There are some functions for which:

`int fg = int f int g`

The easiest examples to find are functions which are mostly `0`.

For example:

`f(x) = g(x) = { (1 " if " x " is rational"), (0 " if " x " is irrational") :}`

Then:

`int fg = 0+C = int f int g`

If however `f(x)` and `g(x)` are non-zero functions with power series expansions, then we can show:

`int fg != int f int g`

For example suppose `a_mx^m` is the lowest degree non-zero term of the power series expansion of `f(x)` and `b_nx^n` is the lowest degree non-zero term of the power series expansion of `g(x)`.
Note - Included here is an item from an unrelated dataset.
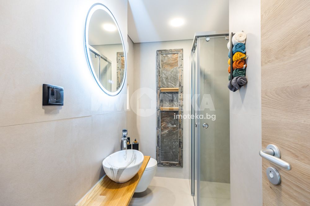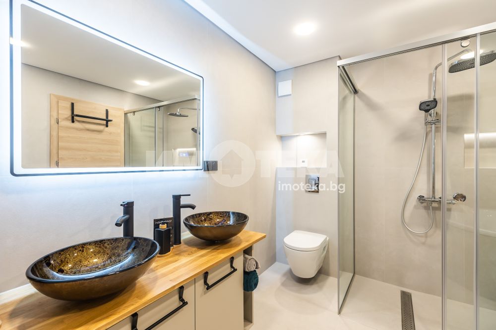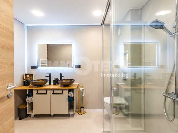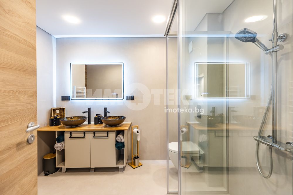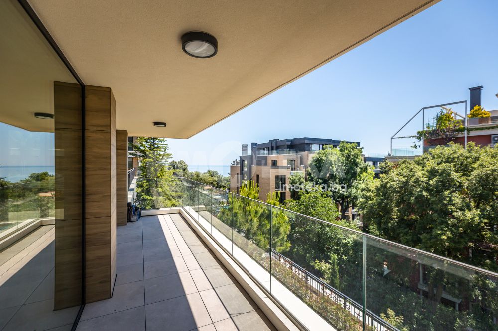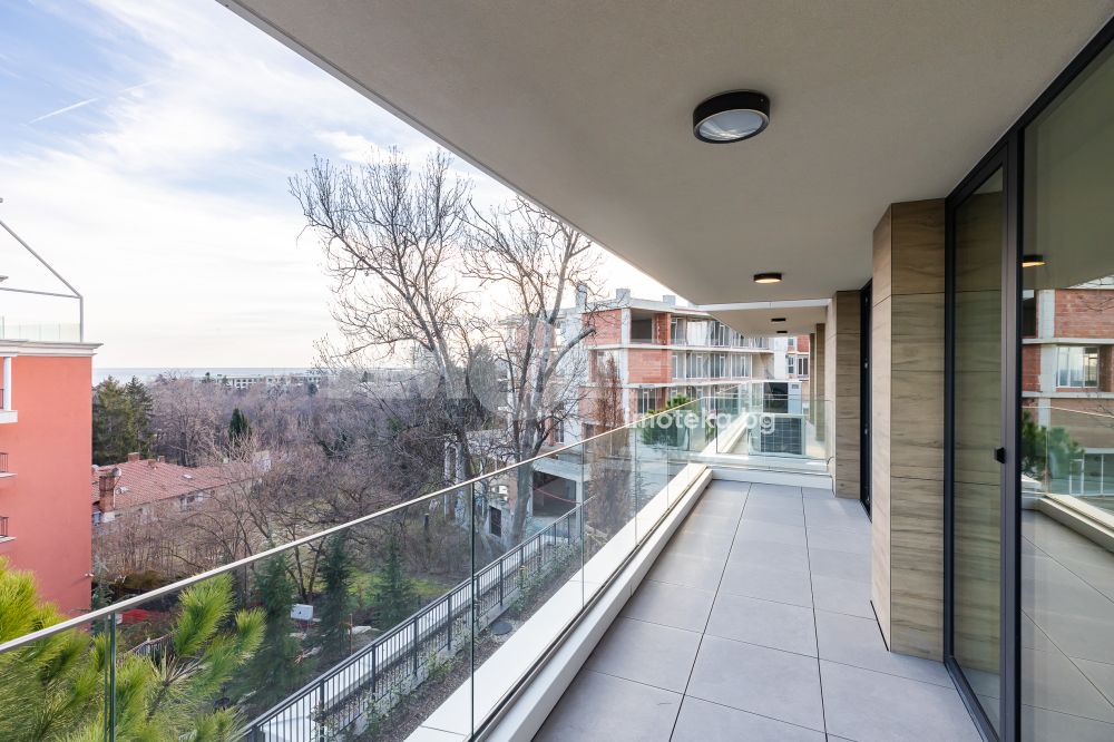 Представяме ви изключителен многостаен апартамент, изпълнен с естествена светлина и спираща дъха морска панорама. Имотът впечатлява не само с функционалното си разпределение, но и с високия стандарт на довършителни работи и модерни удобства. Жилището се състои от просторна родителска спалня с обособен дрешник, както и две уютни детски стаи, подходящи както за деца, така и за кабинет или гостна. На разположение са две модерни санитарни помещения — основна баня с тоалетна и вана, и втора баня с тоалетна и душкабина. И двете помещения са напълно оборудвани и завършени с внимание към детайла, включително музикални електрически огледала.

Then the lowest degree non-zero term of `int f int g` is:

`(a_m b_n)/((m+1)(n+1)) x^(m+n+2)`

while that of `int fg` is:

`(a_m b_n)/(m+n+1) x^(m+n+1)`

So:

`int fg != int f int g`

Answer 3

If at least one of `f`, `g` is a constant function then equality does hold. (Also for the example cited by George C.)

Explanation:

To show that the equality does not hold universally, it suffices to provide a counterexample.

That is: to counter the claim that the integrals are equal, we must show that for some `f` and `g`, we have `intfg != intf intg`.
(We do not need to show that, for all `f` and `g`, the inequality holds.)

Rhys has provided a counterexample using one of my favorite integrals -- `intsinxcosxdx`

My favorite counterexample to this "multiplication rule" has always been `f(x) = g(x) =x`.

`int (x*x) dx != intx dx int xdx`